Иосиф Бродский. Большая книга интервью | страница 44



Я думаю о строках: «Спросить / смысл ich bin, иначе безумен… Что ж, как поэт он выигрывает; как мужчина / проигрывает». Для меня эти строки имеют юмористический оттенок, но в них присутствует что-то очень глубокое.

Это были хорошие стихи. Это был 1965 год, деревня Норенская, давно, четырнадцать лет назад, годы прошли, удивительно.

Считаете ли вы, что изгнание повлияло на ваш интерес к наблюдению за языком немножко со стороны? А на темы, касающиеся отчуждения?

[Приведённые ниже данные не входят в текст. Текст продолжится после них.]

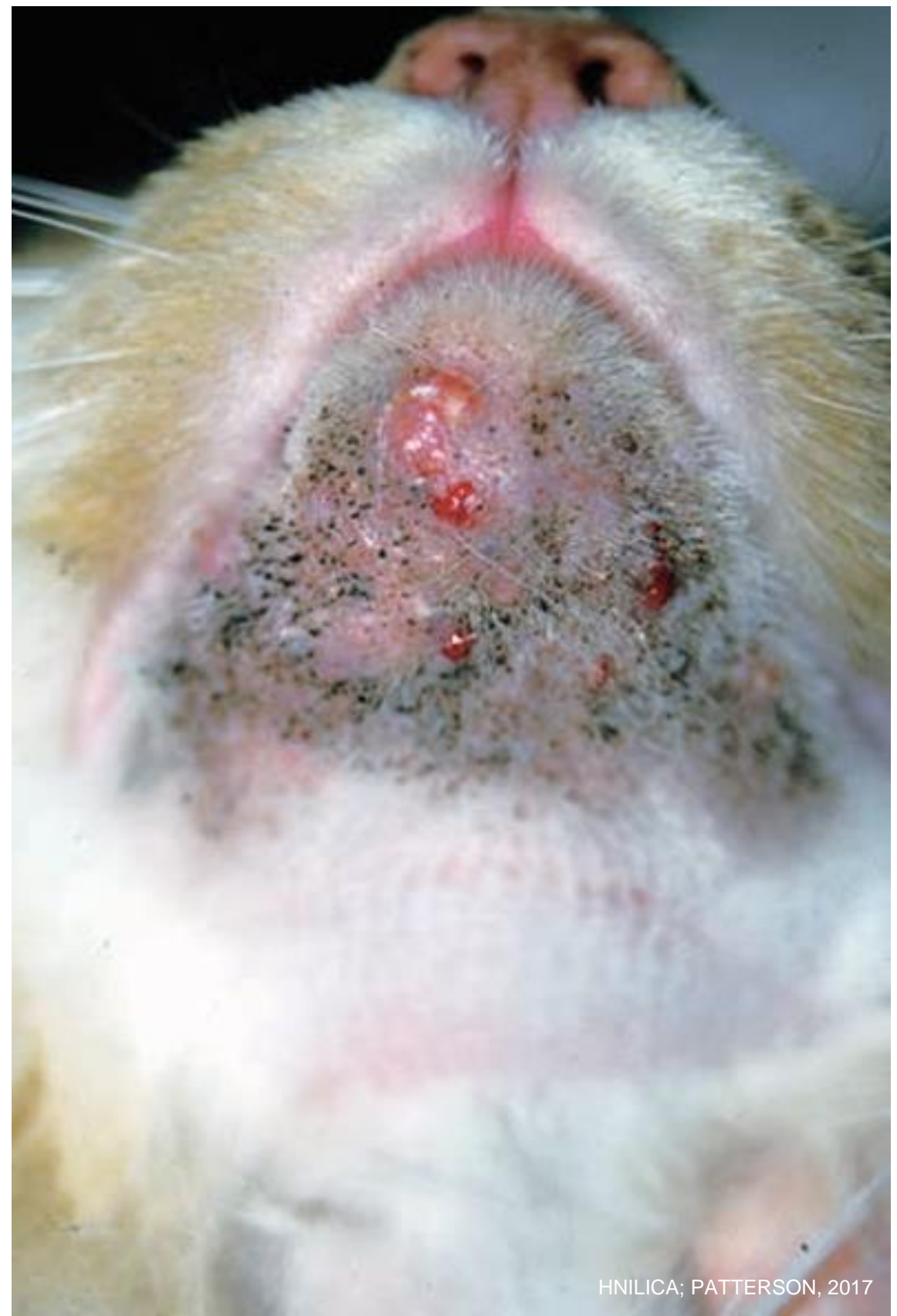
HNILICA; PATTERSON, 2017
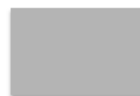
A6 PLAKAT Kr. 17,-
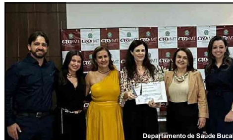
Premiação foi recebida no dia 9 de dezembro em Cuiabá
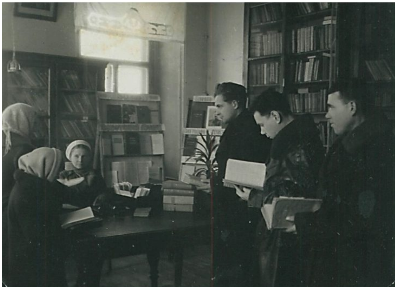
Библиотека в 50-е годы

специалисты из других организаций и предприятий. Отмечается высокая посещаемость лекций (от 50 до 100 человек).
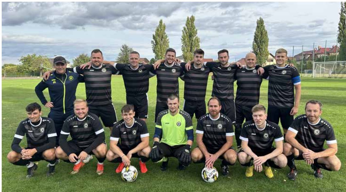
SK Buštěhrad v nových dresech

nás odměnil. Střídající hráč a naše mladá posila Ondra Frýdl zatáhl míč po levé straně a dal do vápna, tam po závaru, přímou ranou Čečetka srovnal na 1:1. Neuvěřitelné. A to ještě nebylo vše! V nastavení po stejné ose z podobné akce a opět po závaru ve vápně přidal Vávra vítězný gól na 2:1. Výbuch radosti! Smutek vystřídala euforie z vítězství. Porazili jsme favorizovanou Hřebeč a posílili svoji pozici v popředí tabulky. Tabulka je ve předu vyrovnaná a o čelo bojují hned čtyři týmy. Buštěhrad má oproti nim ale výhodu jednoho zápasu navíc. K zápasu s Hřebčí ještě nutno podotknout, že tým k vítězství tlačil kotel fanklubu, který je složen z buštěhradské mládeže. Ti si na hřišti vybudovali vlastní tribunu a v barvách klubu bouřlivě tým celý zápas povzbuzovali. Po zápase byli za svůj výkon odměněni poděkováním hráčů na otevřené scéně. I hráči se dočkali bouřlivého potlesku od domácích fanouš-
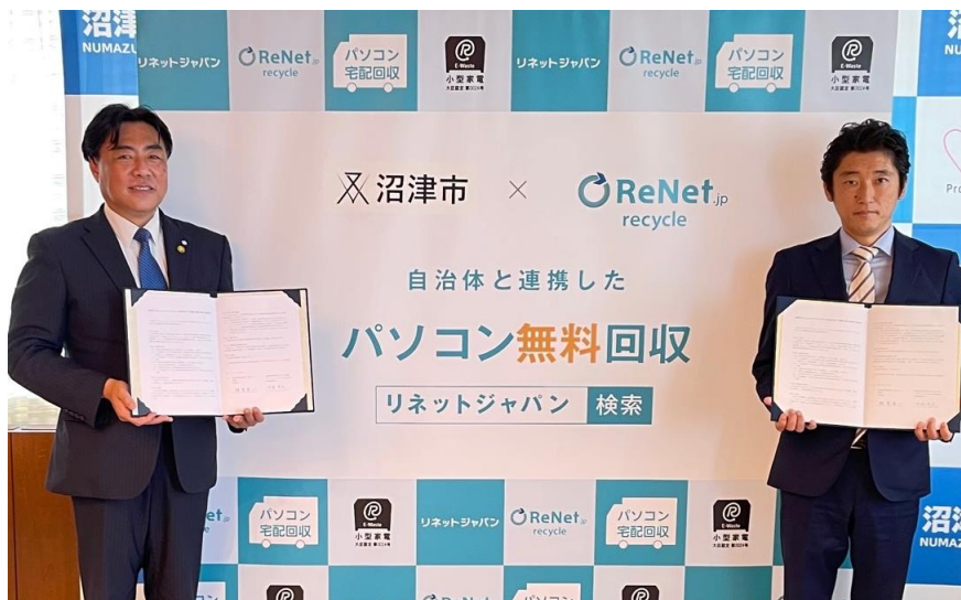
6/29 静岡県沼津市との協定式

6月29日に沼津市の頼重市長と協定式を実施しました。沼津市との協定締結は全国で574例目、静岡県内では16例目となります。
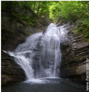
caminho de passeio
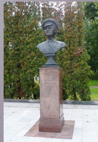
Памятник Пионеру-Герою Вале Котику в Москве.
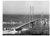
(b) Takoma Narrows Bridge, Washington (1940)
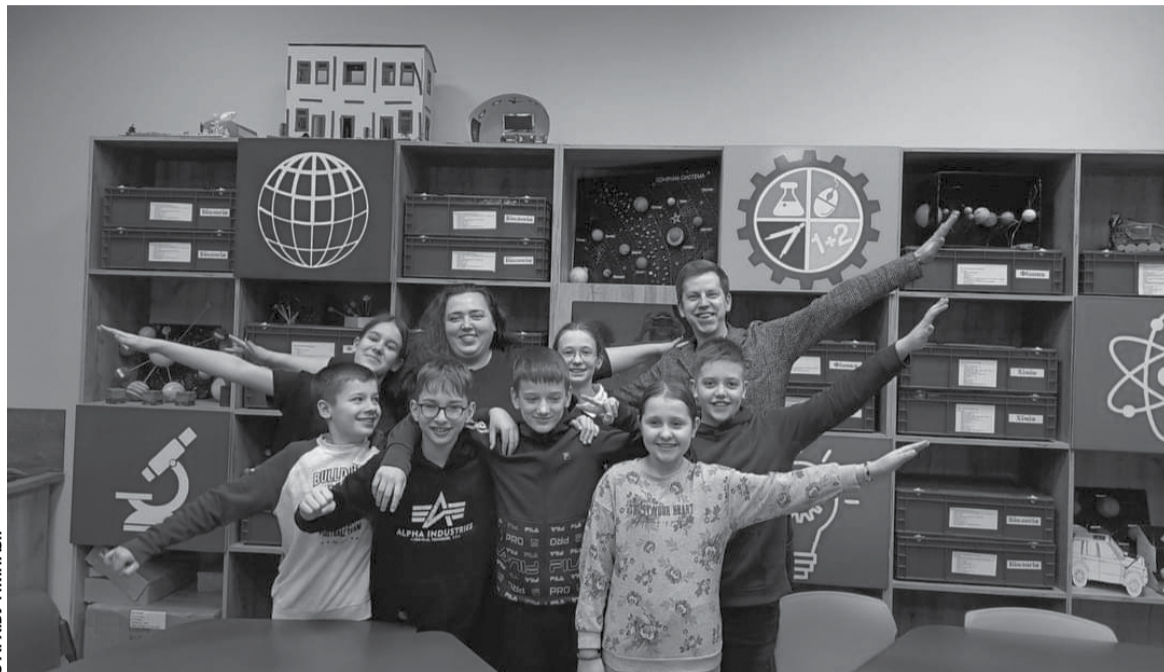
З АРХІВУ ГІМНАЗІЇ

вона обрала учнів 6-их класів, які добре працювали на уроках, і сформувала команду учасників на олімпіаду, — пояснює директор. — За правилами, які релевантні у всьому світі, вистава не повинна була перевищувати восьми хвилин, діти повинні були збирати чеки на всі витрати, пов'язані із підготовкою декорацій (у нас пішло 150 доларів), описувати все, що вико-
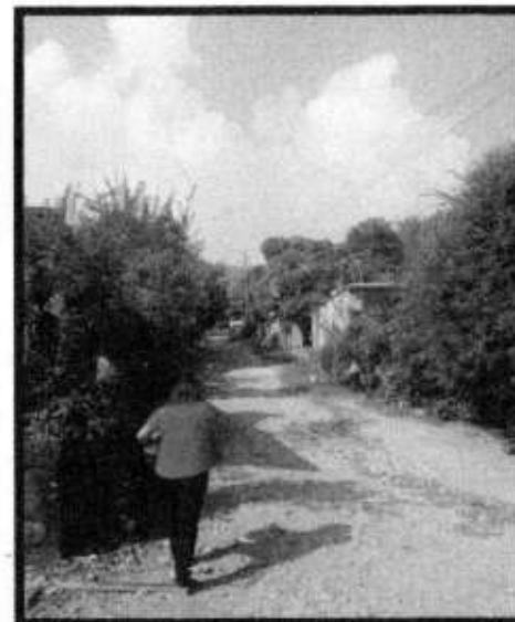
VD. EJIDO LA PURISIMA.
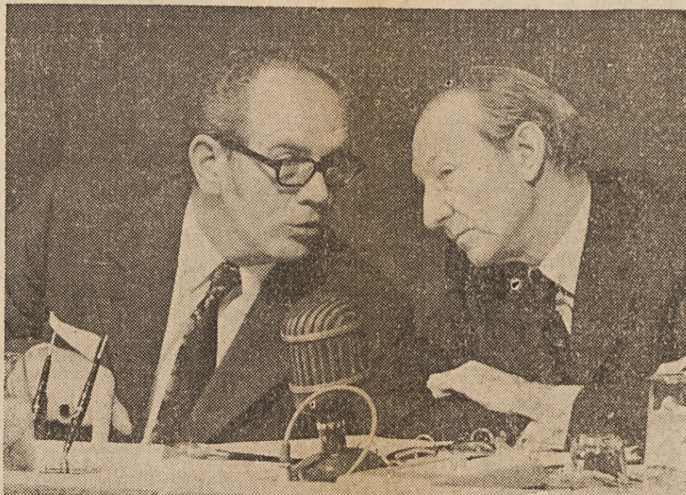
VODSTVO ZDRUŽENIH NARODOV — Na sliki vidimo predsednika glavne skupščine ZN (na levi) Poljaka Stanislaw Trepczynski in glavnega tajnika ZN Avstrijca Kurta Waldheima.

Od potnikov in posadke je bilo rešenih 19 oseb, 34 pa jih je utonilo verjetno z letalom vred. To se je potopilo, ko je vdrla vanj voda. Letalo japonskega izdelka YS-11A je bilo na poti s Krfa v Atene.
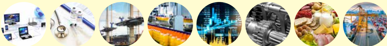
IT 医療 インフラ 加工業 金融 工業 農漁業 貿易
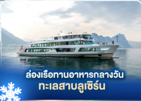
ล่องเรือทานอาหารกลางวัน ทะเลสาบลูซิิร์น
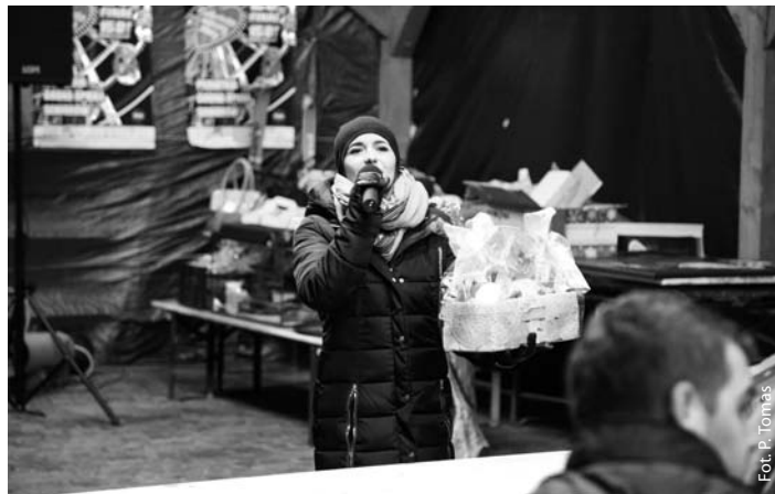
WOŚP w Godowie

P.S. Więcej zdjęć i informacji na naszym fanpage’u na Facebooku: www.facebook.com/wospgodow/
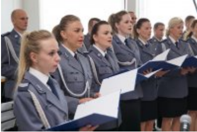
Chór Policji Garnizonu Warmińsko - Mazurskiego podczas wizyty w Senacie RP #40
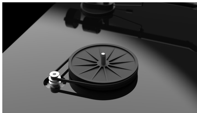
Besonders präzise Motor- und Subteller-Konstruktion

Der Plattenteller des T1 wird per Riemen angetrieben. Dieser überträgt präzise die Antriebskraft auf den neu designten Subteller, welcher wiederum in dem ultra-präzisen 0,001mm Plattentellerlager mit einem gehärtetem Edelstahlschaft in einer Messingbuchse sitzt; genau wie in unseren bewährten Essential III Modellen. Damit bietet der T1 - neben seinem laufruhigen Motor - eine stabile und resonanzarme Plattform für Tonarm und Tonabnehmer.
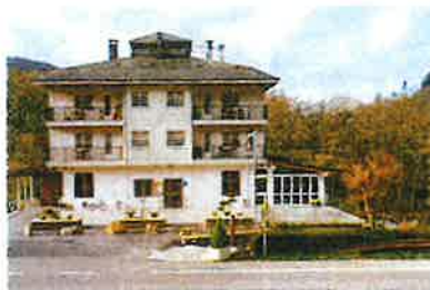
Rtc. A Veiga

Ás 13:45h xantaremos no hotel "A Veiga" moi preto do mosteiro.
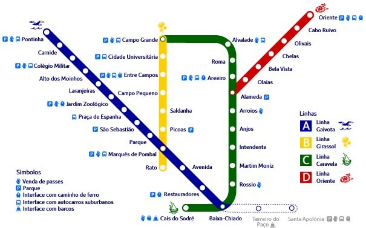
Subway Transportation Network
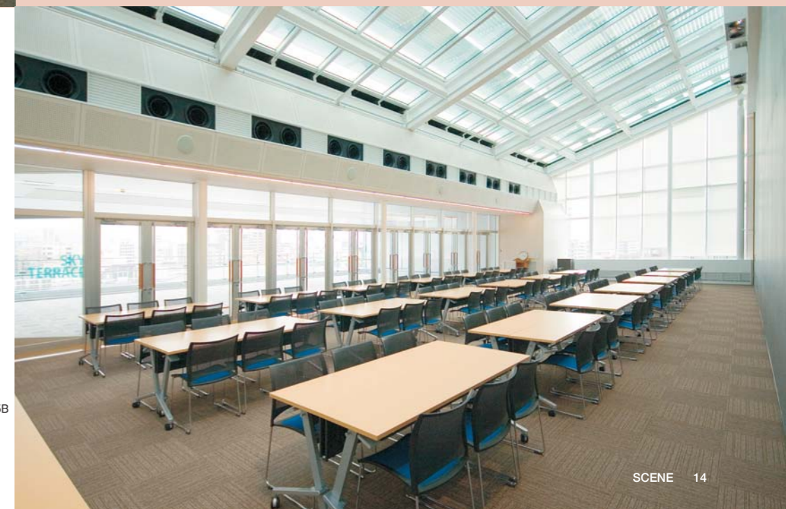
本館6F・大会議室 / テーブル:CTZ-1845B イス:LUSH-SX
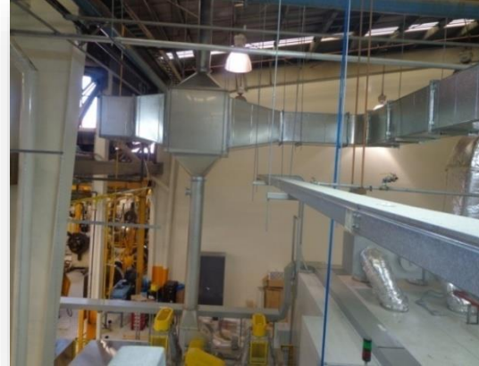
Intercambiador de calor Aire / Aire en inoxidable
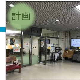
スペースが手狭であり、設備も老朽化が著しい
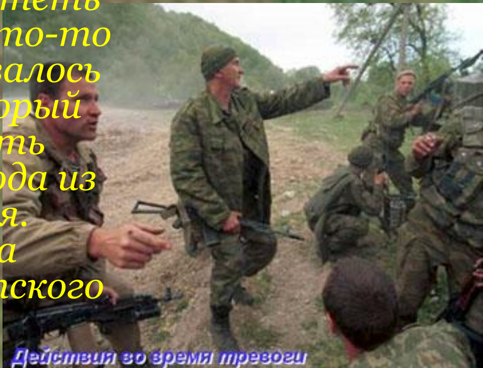
Действия во время тревоги
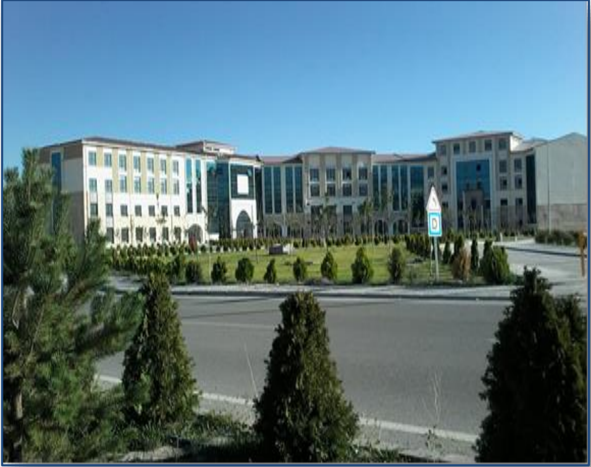
Tıp Fakültesi Morfoloji Derslik Binası inşaatı
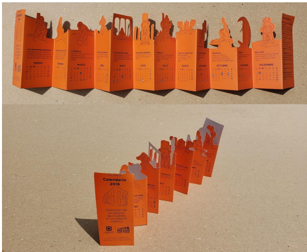
Figura 19 y 20. Calendario 2018, plegable con selección de doce esculturas femeninas de Bogotá.

La información contenida en la pieza gráfica, a modo de ficha técnica, especifica: el título de la obra, su ubicación geográfica, la autoría (solo en uno de estos casos se trata de una escultora) y la fecha de elaboración. Tiene una dimensión de 11,4 x 68 cm. extendida que se convierten en 11,4 x 4,8 cm. plegada en 14 cuerpos. Para el año 2018, el plegable fue entregado durante las visitas a las esculturas, así como en otras ocasiones, e invita a quienes participan en los recorridos a conocer las obras que están dentro y fuera del circuito del centro histórico bogotano.
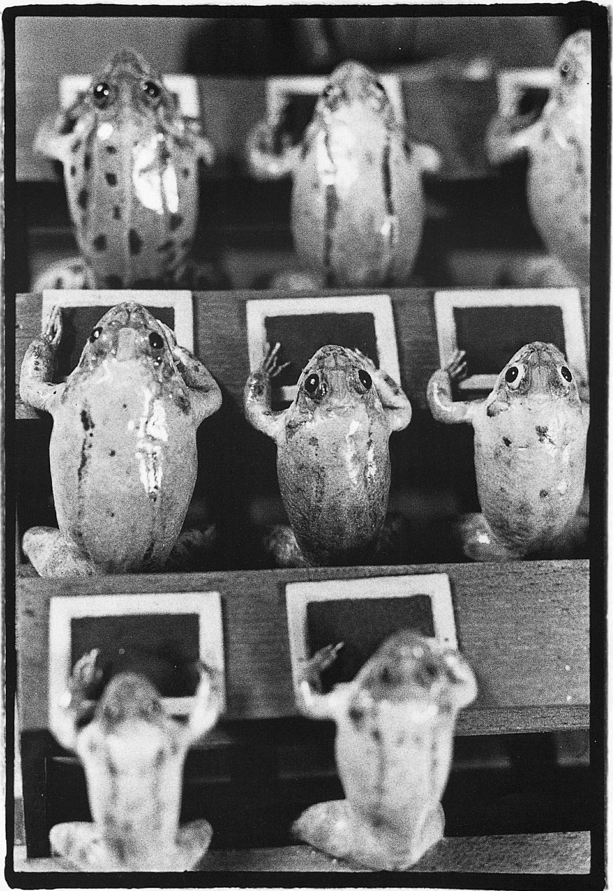
In der Schule / L'école / A scuola / At school

Scene burlesche con alcune rane conservate nel Museo dell'artigianato popolare di Estavayer-le-Lac Burlesques with preserved frogs in the local museum of Estavayer-le-Lac
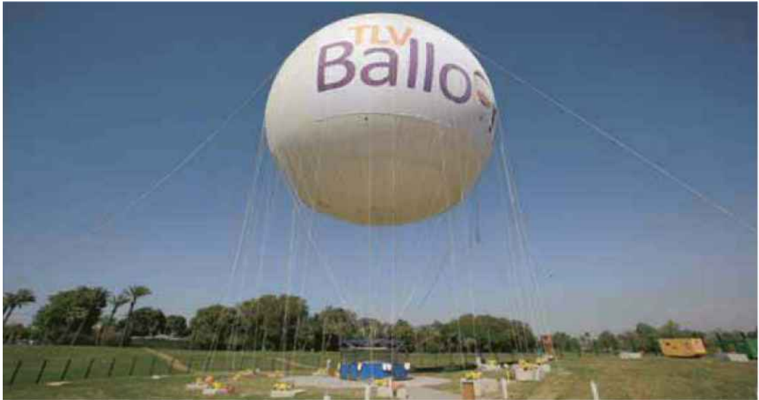
TLV Balloon, גני יהושע, תל אביב

חצי וקצת מהחופש הגדול מאחורינו, אבל החלק המשמעותי יותר לפנינו. רוב הקייטנות הסתיימו, הסבים והסבתות משוועים לקפיצה קטנה לחו"ל והמשפט "אמא, משעמם לי" כבר עומד לילדים שלכם על קצה הלשון. אז מה עושים? יוצאים מהבית. קבלו כמה הצעות לאטרקציות ברחבי הארץ < ורד לרנר < veredl@omer-media.co.il
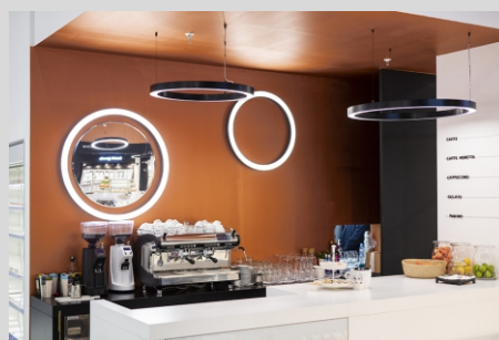
Targi EUROSHOP, Niemcy EUROSHOP fair trade, Germany

Tolerancja strumienia świetlnego i mocy +/- 10% Producent zastrzega sobie możliwość zmian konstrukcyjnych oprawy. Istnieje możliwość modyfikacji produktu na życzenie Klienta. Informacje zawarte na karcie katalogowej nie stanowią oferty handlowej ani elementu umowy. Więcej na temat rodziny produktów, znajduje się na stronie: www.lako.pl

Если быть абсолютно честным, думаю, да. Однако я притворяюсь, и имею на то основания, что нет, потому что по сути любая страна — это просто продолжение пространства. Когда я приехал сюда, я велел себе не делать истории из этой перемены, вести себя так, как будто ничего не произошло. Так я себя и вел. Думаю, что и продолжаю. Но в первые два-три года я чувствовал, что скорее веду себя, чем живу. Ну, больше веду себя так, как будто ничего не произошло. Теперь лицо и маска, я думаю, склеились. Просто я не чувствую этого, не могу провести различие.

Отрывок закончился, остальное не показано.